WORK ITEM –
Repeat verbatim what the listing holds, but not its pictures.

MATERIAL PROVIDED –
┄┄┄┄┄┄┄┄┄┄

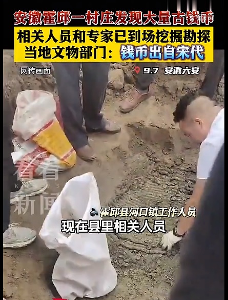 9月7日,在安徽省六安市霍邱县城南十公里的河口镇十三湾村,县文旅体育局的相关工作人员经过挖掘出土大量钱币,这些钱币出自宋代,大约三四千斤。
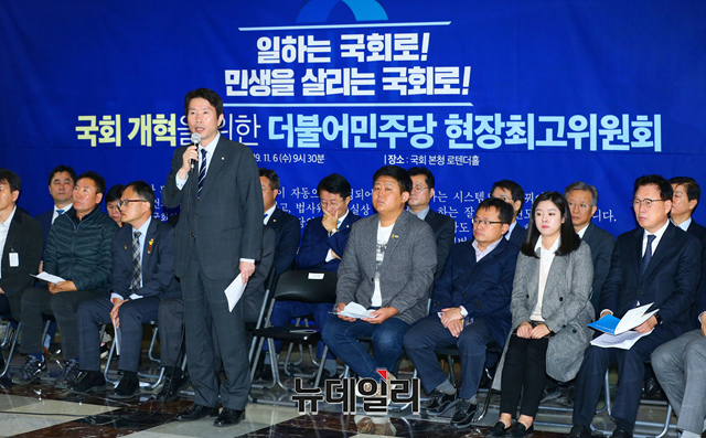 이인영 더불어민주당 원내대표가 6일 오전 국회 로덴더홀에서 열린 '국회 개혁을 위한 현장최고위원회의'에 참석해 모두 발언을 하고 있다.
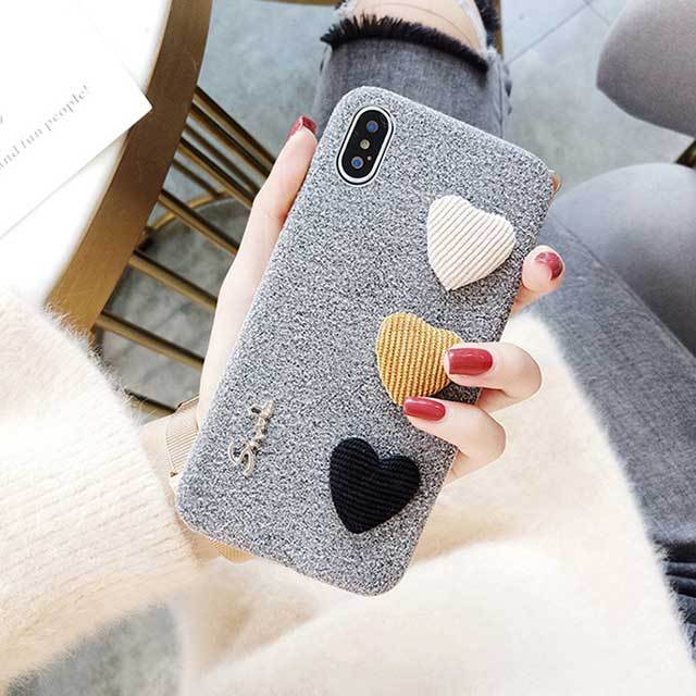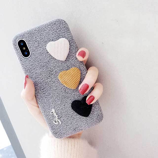 ハート ファブリック 3D iPhone シェルカバー ケース グレー ピンク イエロー ブラック 可愛い ★ iPhone 6 / 6s / 6Plus / 6sPlus / 7 / 7Plus / 8 / 8Plus / X/ SE(第2世代) ★ [MD295]
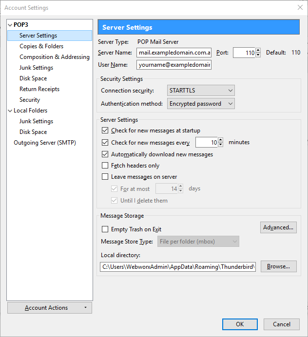 - When in Account Settings, open the Server Settings subheading. Uncheck Leave messages on server and click OK.
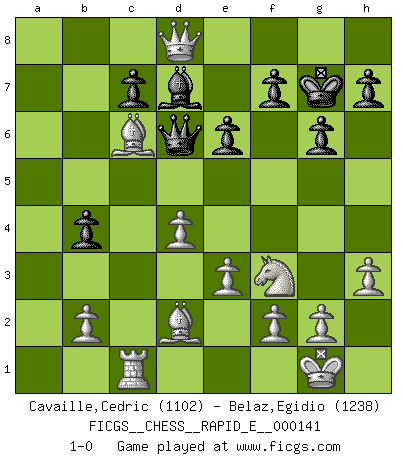 Last move : 1-0 2015 January 25 10:12:44 [Event "FICGS__CHESS__RAPID_E__000141"] [Site "FICGS"] [Date "2014.12.27"] [Round "1"] [White "Cavaille,Cedric"] [Black "Belaz,Egidio"] [Result "1-0"] [WhiteElo "1102"] [BlackElo "1238"] 1.d4 d5 2.Nf3 Nc6 3.e3 Bf5 4.Bd3 Bg4 5.h3 Be6 6.O-O Nf6 7.Bb5 Bd7 8.c4 dxc4 9.Bxc4 e6 10.Nc3 a6 11.Bd2 Be7 12.Re1 b5 13.Bd3 b4 14.Ne4 a5 15.a3 Nxe4 16.Bxe4 O-O 17.axb4 axb4 18.Rxa8 Bc8 19.Bxc6 Qd6 20.Qa4 g6 21.Rc1 Kg7 22.Rb8 Rd8 23.Qa8 Bd7 24.Rxd8 Bxd8 25.Qxd8 1-0 Queen's pawn game, Chigorin variation Kingside Castling by player White (move 6) Kingside Castling by player Black (move 16) Player White won this chess game. Follow this game move after move (download)Let the perfectionist play postal. (Yasser Seirawan) Man wirke der falschen Auffassung entgegen, als ob jeder Zug Unmittelbares zu leisten habe; auch Werte- und Ruhezüge haben ihre Existenzberechtigung. (Aaron Nimzowitsch) En el Ajedrez, cuando menos, el valiente hereda la tierra. (Edmar Mednis) On est toujours la mazette de quelqu'un d'autre. (Anonyme) Have no fear of perfection - you'll never reach it. (Salvador Dali)
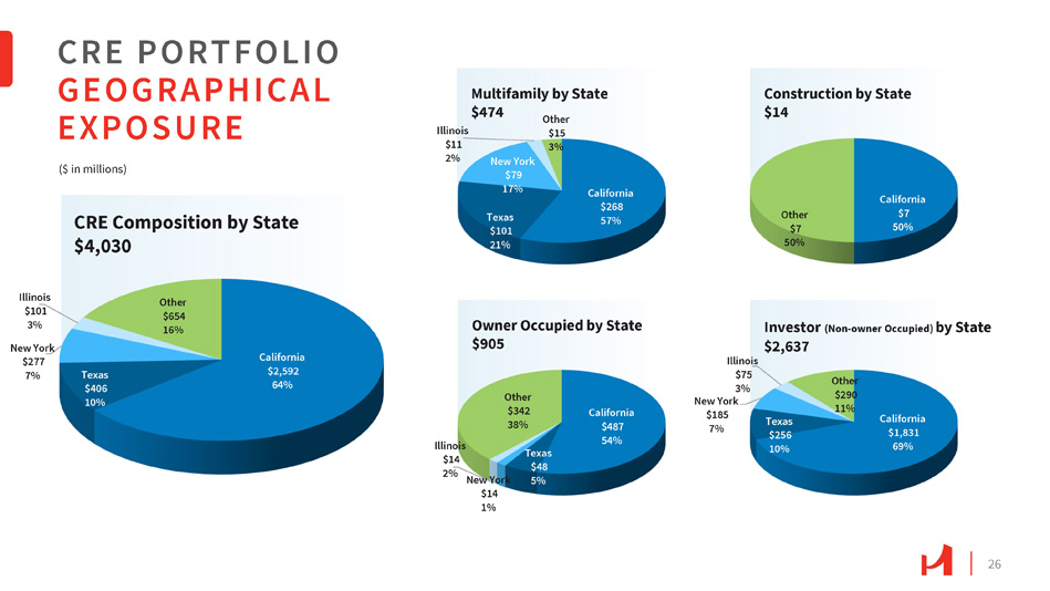 LOAN PORTFOLIO DIVERSIFICATION (1) $115.7 million, or 2.9%, and $32.5 million, or 0.8%, of the CRE portfolio are unguaranteed and guaranteed SBA loans, respectively (2) $62.9 million, or 5.8%, and $52.7 million, or 4.9%, of the C&I portfolio are unguaranteed and guaranteed SBA loans, respectively Retail 28% Hospitality 21% Industrial 13% Office 12% Multifamily 11% Gas Station 5% Mixed Use 3% Other 7% CRE Portfolio (1) $4,030M Manufacturing 32% Insurance 15% Retail Trade Finance & Wholesale 6% Trade 4% Healthcare 3% Real Estate Rental & Leasing 2% Other 38% C&I Portfolio (2) $1,075M • CRE (1) represents 61% of the total portfolio • C&I (2) represents 16% of the total portfolio. 25

┄┄┄┄┄┄┄┄┄┄

WRITTEN RESPONSE –
 9月7日,在安徽省六安市霍邱县城南十公里的河口镇十三湾村,县文旅体育局的相关工作人员经过挖掘出土大量钱币,这些钱币出自宋代,大约三四千斤。
 이인영 더불어민주당 원내대표가 6일 오전 국회 로덴더홀에서 열린 '국회 개혁을 위한 현장최고위원회의'에 참석해 모두 발언을 하고 있다.
 ハート ファブリック 3D iPhone シェルカバー ケース グレー ピンク イエロー ブラック 可愛い ★ iPhone 6 / 6s / 6Plus / 6sPlus / 7 / 7Plus / 8 / 8Plus / X/ SE(第2世代) ★ [MD295]
 - When in Account Settings, open the Server Settings subheading. Uncheck Leave messages on server and click OK.
 Last move : 1-0 2015 January 25 10:12:44 [Event "FICGS__CHESS__RAPID_E__000141"] [Site "FICGS"] [Date "2014.12.27"] [Round "1"] [White "Cavaille,Cedric"] [Black "Belaz,Egidio"] [Result "1-0"] [WhiteElo "1102"] [BlackElo "1238"] 1.d4 d5 2.Nf3 Nc6 3.e3 Bf5 4.Bd3 Bg4 5.h3 Be6 6.O-O Nf6 7.Bb5 Bd7 8.c4 dxc4 9.Bxc4 e6 10.Nc3 a6 11.Bd2 Be7 12.Re1 b5 13.Bd3 b4 14.Ne4 a5 15.a3 Nxe4 16.Bxe4 O-O 17.axb4 axb4 18.Rxa8 Bc8 19.Bxc6 Qd6 20.Qa4 g6 21.Rc1 Kg7 22.Rb8 Rd8 23.Qa8 Bd7 24.Rxd8 Bxd8 25.Qxd8 1-0 Queen's pawn game, Chigorin variation Kingside Castling by player White (move 6) Kingside Castling by player Black (move 16) Player White won this chess game. Follow this game move after move (download)Let the perfectionist play postal. (Yasser Seirawan) Man wirke der falschen Auffassung entgegen, als ob jeder Zug Unmittelbares zu leisten habe; auch Werte- und Ruhezüge haben ihre Existenzberechtigung. (Aaron Nimzowitsch) En el Ajedrez, cuando menos, el valiente hereda la tierra. (Edmar Mednis) On est toujours la mazette de quelqu'un d'autre. (Anonyme) Have no fear of perfection - you'll never reach it. (Salvador Dali)
 LOAN PORTFOLIO DIVERSIFICATION (1) $115.7 million, or 2.9%, and $32.5 million, or 0.8%, of the CRE portfolio are unguaranteed and guaranteed SBA loans, respectively (2) $62.9 million, or 5.8%, and $52.7 million, or 4.9%, of the C&I portfolio are unguaranteed and guaranteed SBA loans, respectively Retail 28% Hospitality 21% Industrial 13% Office 12% Multifamily 11% Gas Station 5% Mixed Use 3% Other 7% CRE Portfolio (1) $4,030M Manufacturing 32% Insurance 15% Retail Trade Finance & Wholesale 6% Trade 4% Healthcare 3% Real Estate Rental & Leasing 2% Other 38% C&I Portfolio (2) $1,075M • CRE (1) represents 61% of the total portfolio • C&I (2) represents 16% of the total portfolio. 25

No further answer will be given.